HOST_NAME = "www.sec.gov"
headers = {
"User-Agent": USER_AGENT,
"Accept-Encoding": ACC_ENCODING,
"Host": HOST_NAME
}
filing_data = []
test = pd.DataFrame(
{'accessionNumber': ['0000320193-24-000132', '0000320193-24-000130', '0000320193-24-000129', '0000320193-24-000126', '0000320193-24-000116'],
'filingDate': ['2024-12-18', '2024-11-19', '2024-11-19', '2024-11-07', '2024-10-17'],
'form': ['4', '4' ,'4', '4', '4'],
'primaryDocument': ['xslF345X05/wk-form4_1734564614.xml', 'xslF345X05/wk-form4_1732059096.xml', 'xslF345X05/wk-form4_1732059042.xml', 'xslF345X05/wk-form4_1731022209.xml', 'xslF345X05/wk-form4_1729204211.xml']
}
)
for i, filing in test.iterrows():
filing_url = f"{BASE_URL}/Archives/edgar/data/{int(cik)}/{filing['accessionNumber'].replace('-', '')}/{filing['primaryDocument']}"
try:
response = requests.get(filing_url, headers=headers)

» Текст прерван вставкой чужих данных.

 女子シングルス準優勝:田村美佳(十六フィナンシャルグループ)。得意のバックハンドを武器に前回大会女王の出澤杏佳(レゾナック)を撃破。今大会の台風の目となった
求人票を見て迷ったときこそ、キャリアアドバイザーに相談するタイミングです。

if response.status_code == 200:
try:
# Clean up the response content before parsing
content = response.content.decode('utf-8', errors='ignore')

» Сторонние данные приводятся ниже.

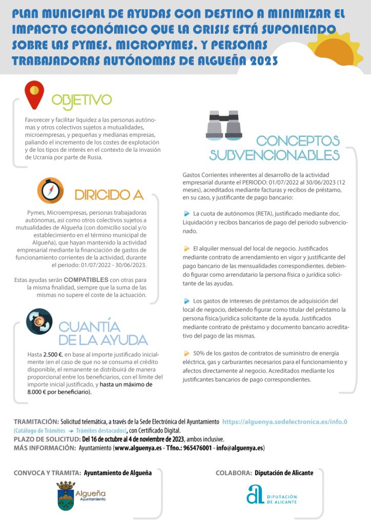 BASES Y CONVOCATORIA PLAN AYUDAS EMPRESAS ALGUEÑA 2023

# Fix malformed XML by identifying unclosed tags and repairing them
try:
root = ET.fromstring(content)
except ET.ParseError:
# Attempt to auto-correct malformed XML
if not content.strip().startswith(""):
content = f"{content}"
root = ET.fromstring(content)
filing_info = {
"accessionNumber": filing["accessionNumber"],
"filingDate": filing["filingDate"],
"form": filing["form"],
"content": {},
}
for child in root.iter():
filing_info["content"][child.tag] = child.text
filing_data.append(filing_info)
except ET.ParseError as e:
print(f"Error parsing XML for filing: {filing_url}. Error: {e}")
else:
print(f"Failed to retrieve filing document: {filing_url}. HTTP Status: {response.status_code}")
except Exception as e:
print(f"Error retrieving filing document: {filing_url}. Error: {e}")
Пример XML ниже:
print(response.content)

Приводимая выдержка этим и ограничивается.